The analogy is not perfect, but there aren’t myriads of parties, there’s basically only Google, plus a handful of others of greatly decreasing importance.

If it was a reputation problem where, say, end clients with web browsers would each have a separate and uniquely derived negative opinion about domain names, this would indeed be a “bad reputation” problem and not a Google problem, since the problem could not be fixed at the Google side. But with domain reputation being so centralized, the problem is at the center.

> Does the lifecycle matter much, though?

How could it not? It's essentially the same issue as an unmaintained phonebook or a map. What's at a given address or phone number changes, and if your solution is not equipped to handle that change, your solution is bad.

I agree.

But that’s not a fixable problem in my eyes.
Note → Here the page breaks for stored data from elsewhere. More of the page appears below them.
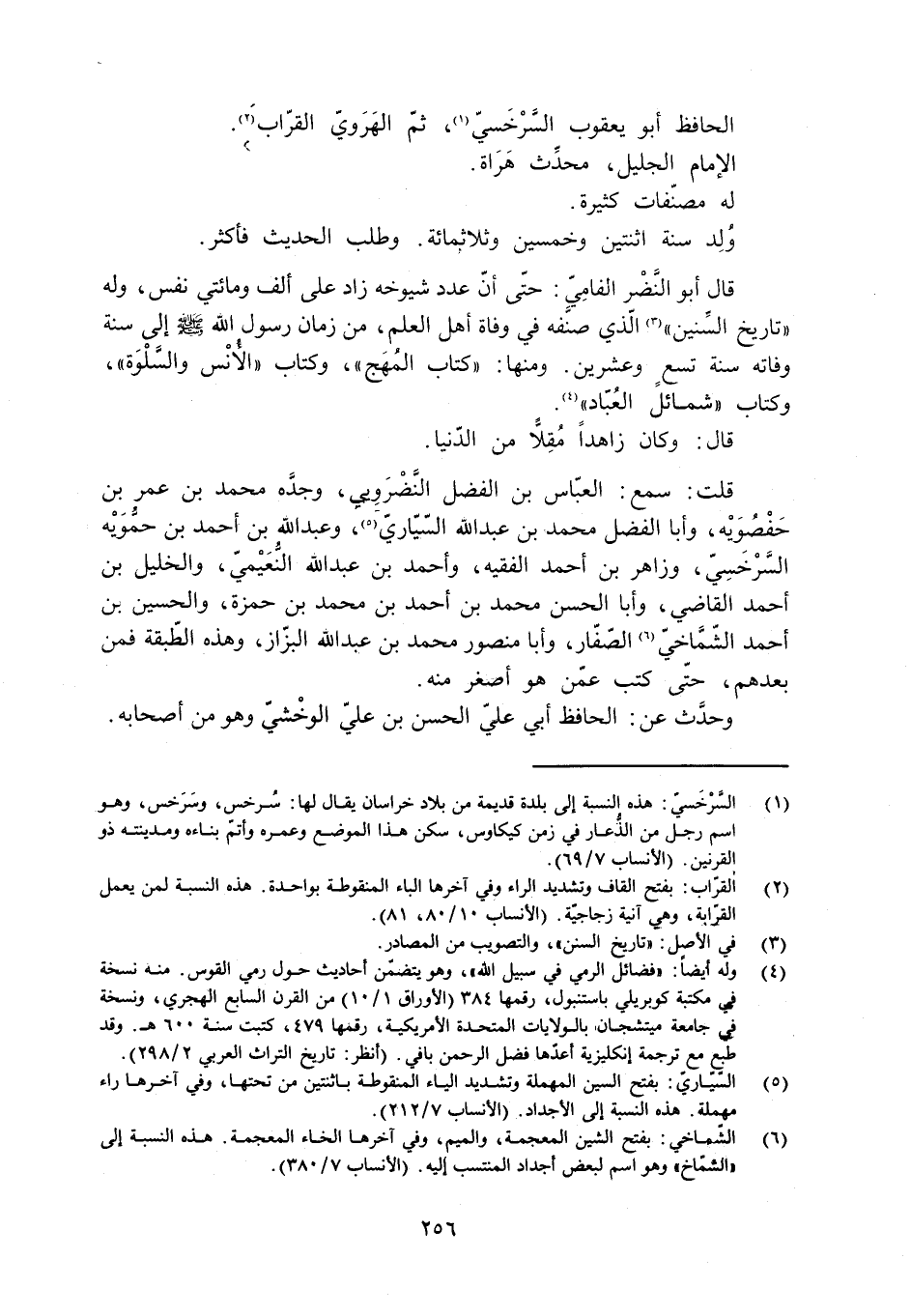 قلت: سمع: العبّاس بن الفضل النّضرويي، وجدّه محمد بن عمر بن حَفْصُوَيْه، وأبا الفضل محمد بن عبد الله السّيّاريّ [5] ، وعبد الله بن أحمد بن حَمُّوَيْه السَّرْخَسِيّ، وزاهر بن أحمد الفقيه، وأحمد بن عبد الله النُّعَيْميّ، والخليل بن أحمد القاضي، وأبا الحسن محمد بن أحمد بن محمد بن حمزة، والحسين بن أحمد الشّمَّاخِيّ [6] الصّفّار، وأبا منصور محمد بن عبد الله البزّاز، وهذه الطّبقة فمن بعدهم، حتّى كتب عمّن هو أصغر منه.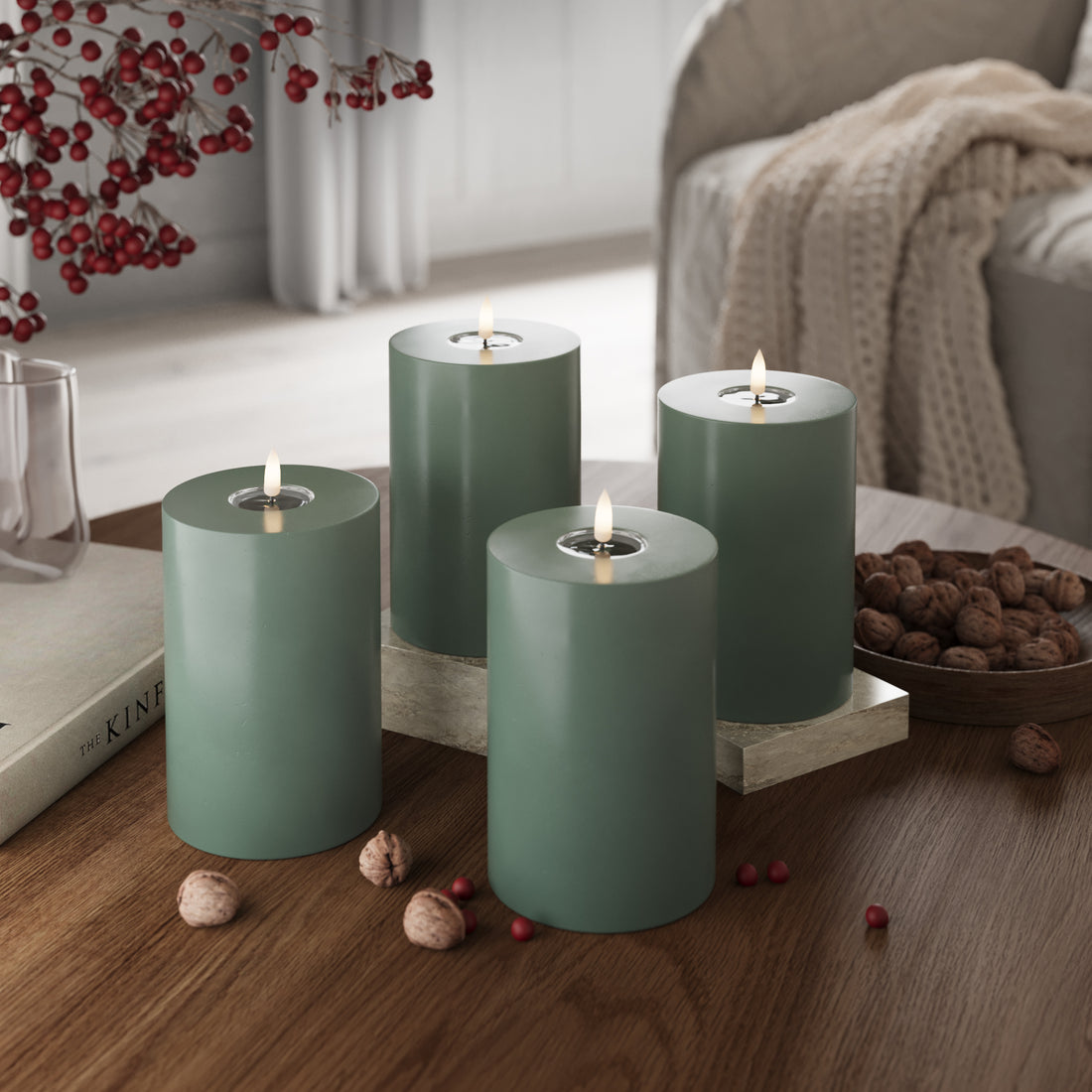 LED bloková světla Ø 10 x 15 cm Jadeitově zelená - 4 ks
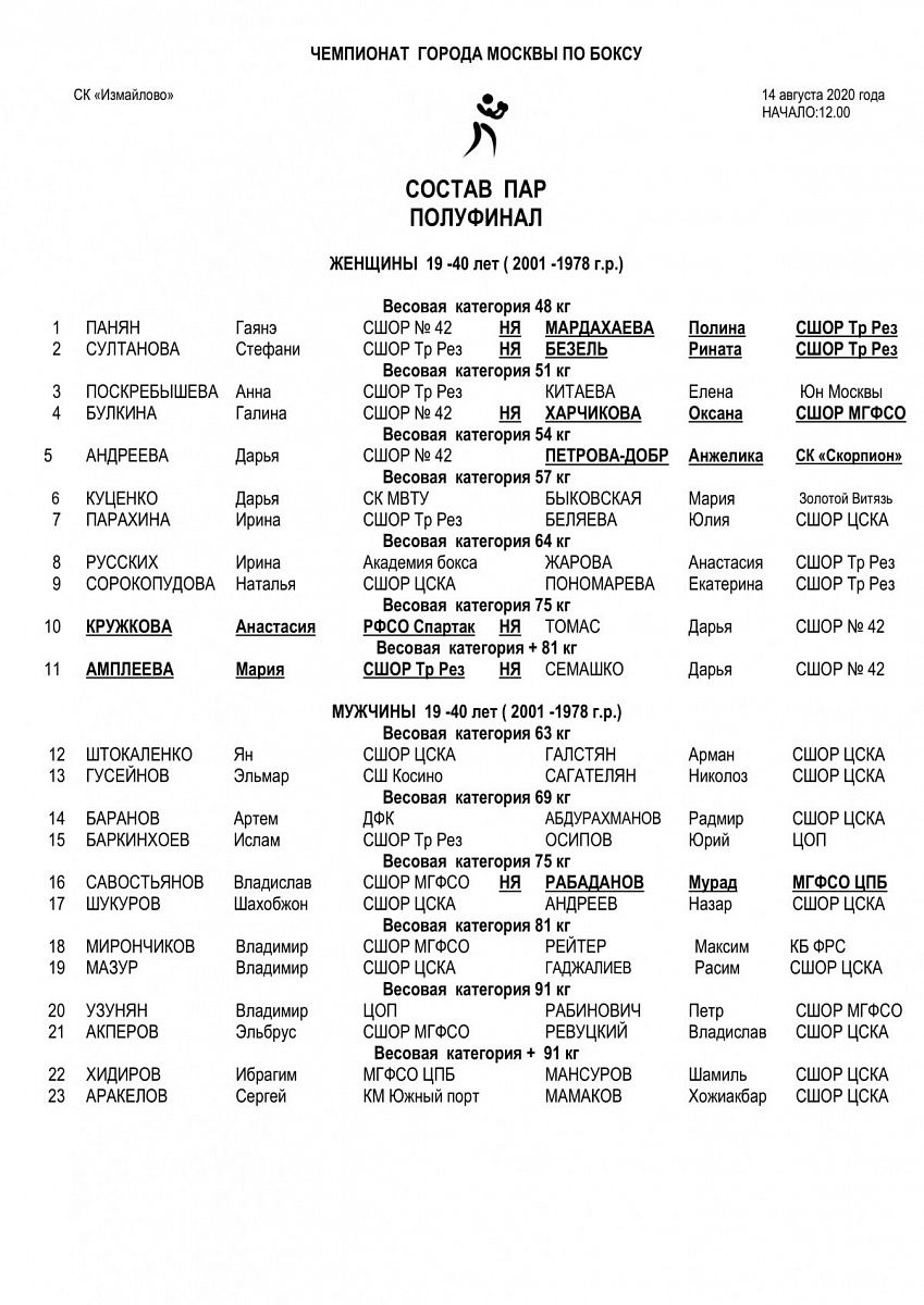 Чемпионат Москвы по боксу среди мужчин и женщин 2020. ПОЛУФИНАЛЫ
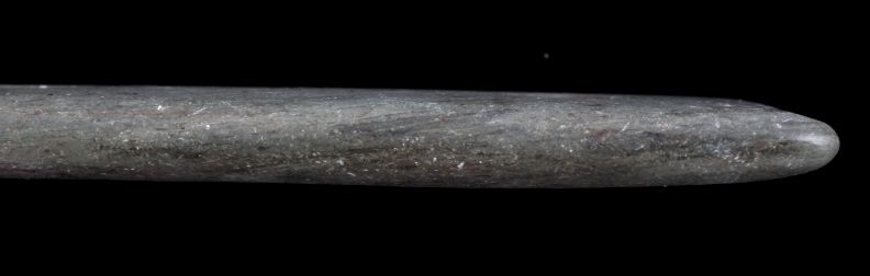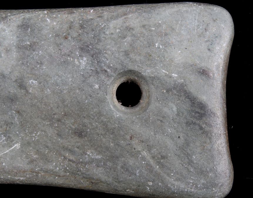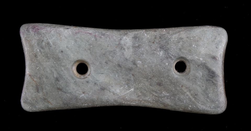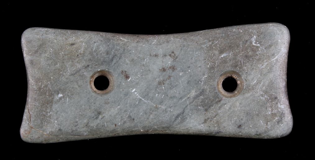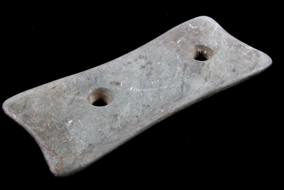 This is a hand created early original Northern Plains Native American Indian gorget. The piece shows good condition. The artifact shows two holes and measures 3 7/8"x1 3/4"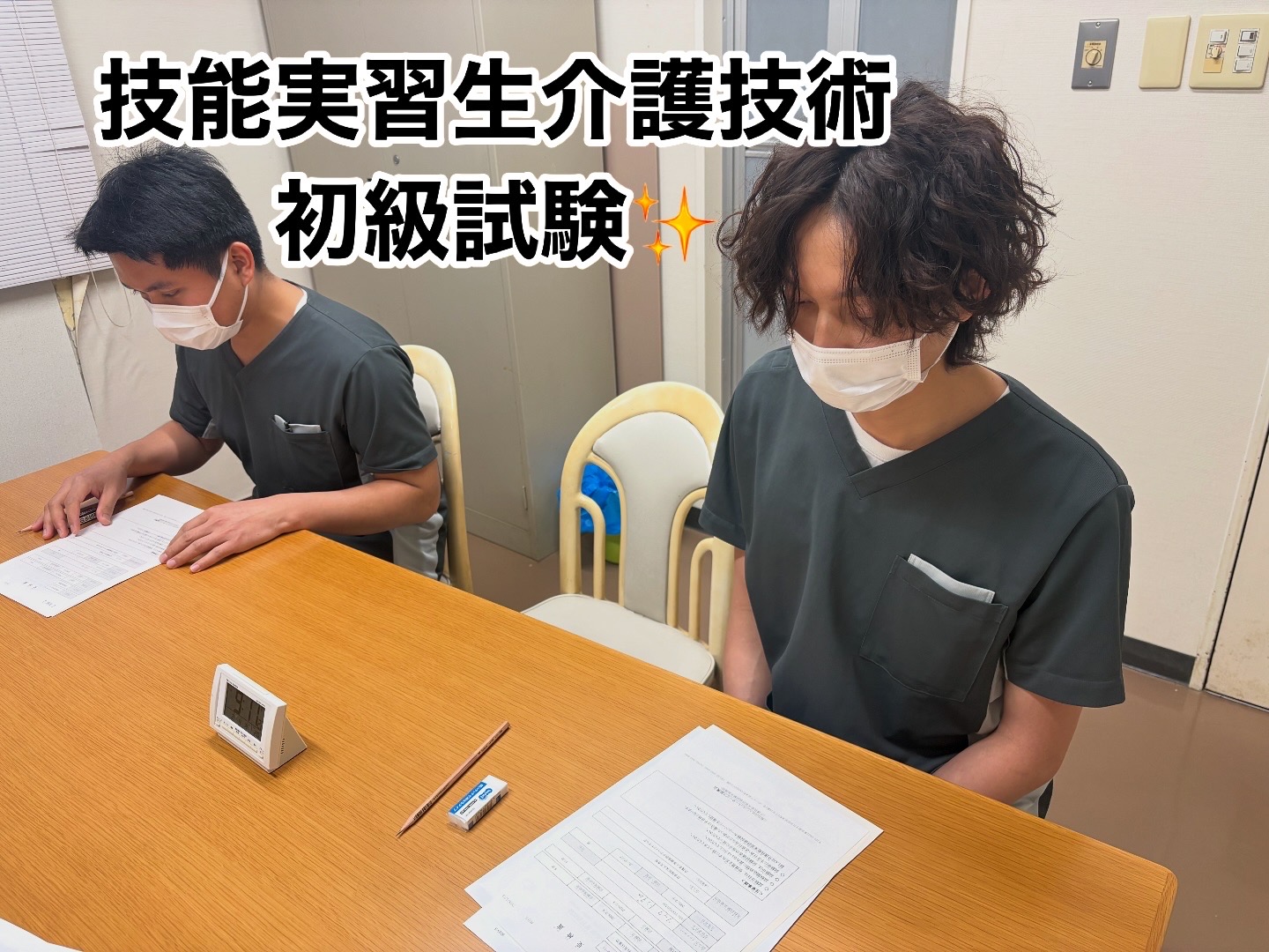 技能実習初級試験 2026年02月04日取組報告 7月に配属となった技能実習生2名が 介護技術初級試験に2名受験しました。 筆記試験も実技試験も専門用語がむずかしく、大変でしたが、 無事に終了しました。 結果が楽しみです。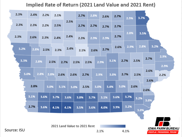 The average rate of return due to appreciation in land values for the period of 2011 through 2021 is shown in Figure 9. The highest rates of return due to appreciation have been in southcentral Iowa with rates of capital appreciation between 4.3% and 4.9% per year.
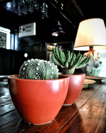 ダークな雰囲気に赤の植木鉢がオシャレに映えます。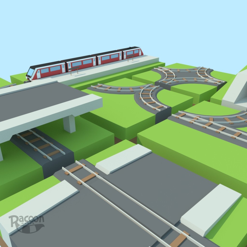 This railroad assets is an expansion for the landscape assets. It containes single tracked tiles, a train with 4 parts, a platform, bridge, road crossing and tunnel. The tiles can be mixed with all previously released assets to create more diverse and interesting mobility options. The train is unrigged and does not follow tracks. All tiles uses the same textures as previous assets.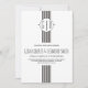 Bandes blanches noires et faire-part de mariage monogramme. Il affiche des bandes verticales au centre avec un cercle avec vos initiales et deux petits coeurs et votre texte. Le noir comprend une motif rayée noire et blanche.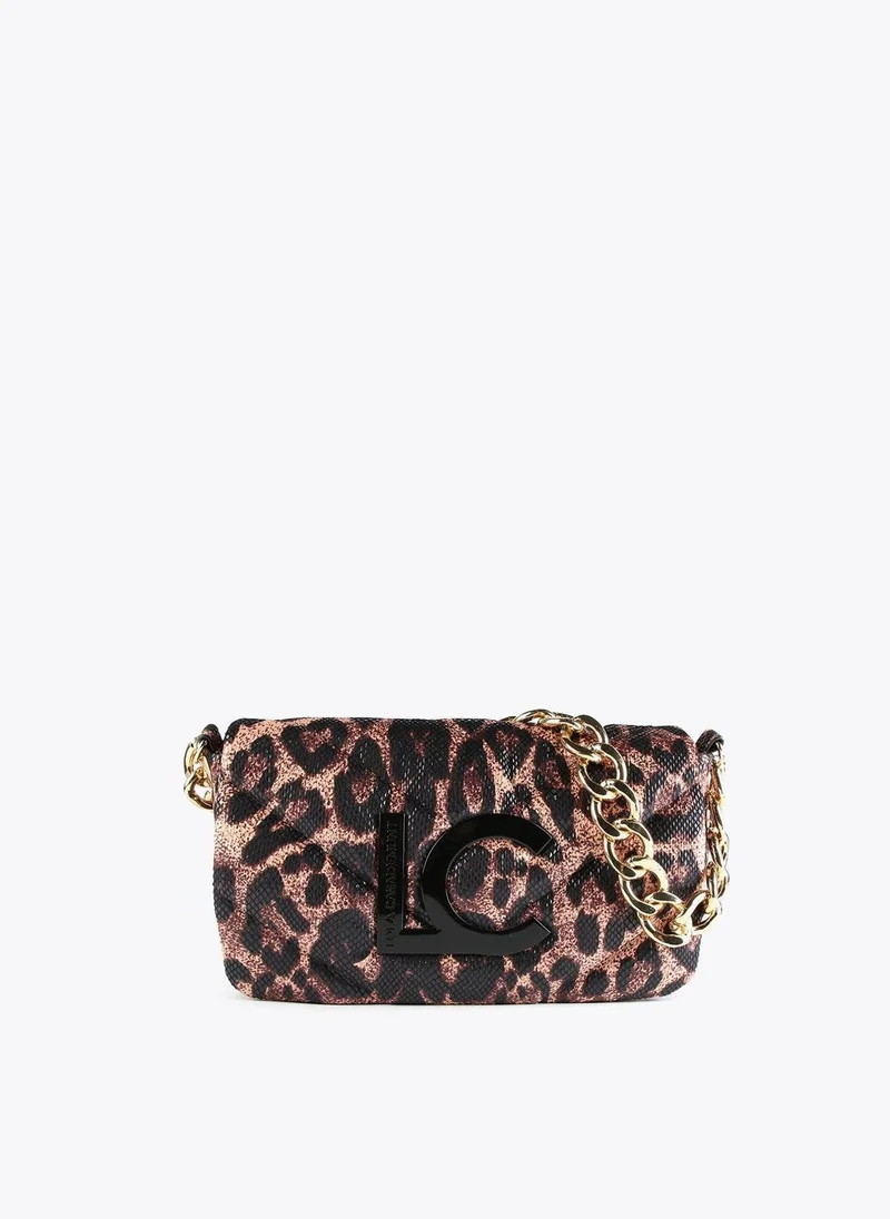 Women's Print Crossbody Bag with Button Closure and Chain Strap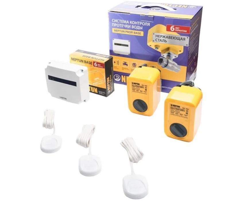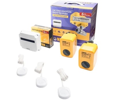 В состав входят российские краны из нержавеющей стали марки SS304 с электроприводом Neptun PROFI и российские компоненты (модуль и датчики). Состав комплекта: Модуль управления Neptun Base-1шт Датчик контроля протечки воды SW005-3 шт Кран шаровый с электроприводом серии NEPTUN PROFI 220В-2шт

At least not without extreme and sweeping changes driven by some kind of government regulation or ICANN mandates which, if enacted, would probably be highly criticized on HN.

There are just too many block lists for domains (literally thousands if you include open source ad blockers).

The lifecycle “should” matter in a perfect world, I agree.

Oh I don't think it's full-on fixable either. What I wanted to challenge was just the characterization of the issue itself.

As you say there are plenty of volunteer maintained blocklists as well, and there are also the countless privately deployed filters using those lists, which may or may not get updated properly. That's the "little man" part, and is why I think the characterization the thread starter was trying to push is ill-fitting.

I couldn't disagree more. What you've written is both apologetics and simply untrue.
Sorry to hear you feel that way.
Who says it's the fault of the domain in some abstract sense? A house becomes haunted when something bad happens in it. It's not the fault of the rafters and joists. I think "haunted" is an apt description.
“Haunted” still implies that the problem exists at the house/domain, and can be fixed there. But a domain being blacklisted is not something which a domain owner can fix by themselves, they have to beg the blacklister to de-list them.
You'd usually describe a house as haunted if something bad has happened in the past (e.g. a murder, evil spirits, etc) and people are superstitious about this (e.g. believe some ghosts are still living in the house). Hard to see how an owner can fix this. All the usual problems the owner can fix (floorboards need replacing, gutters need cleaning, general repairs) aren't really examples of a house being "haunted".
Oh, I know people who spray holy water all around the house as a "possible remedy".
Houses are also not haunted, so it's fine. It's also fine to have fun.
The post talks a bit about this:

In a perfect world, when your legitimately good content isn’t being surfaced by Google, it’s a failure on their part, and their problem to solve, not yours. In practice, it is your problem and you have to do a bunch of work to help them see that their current assessment of your domain name is no longer accurate.

You're right, the fault lies with the search engines, but in practice it sure feels like the domain itself is tainted somehow.

We should avoid words and concepts which places the blame unfairly on mostly powerless individuals.
"Haunted" is actually a pretty good descriptor.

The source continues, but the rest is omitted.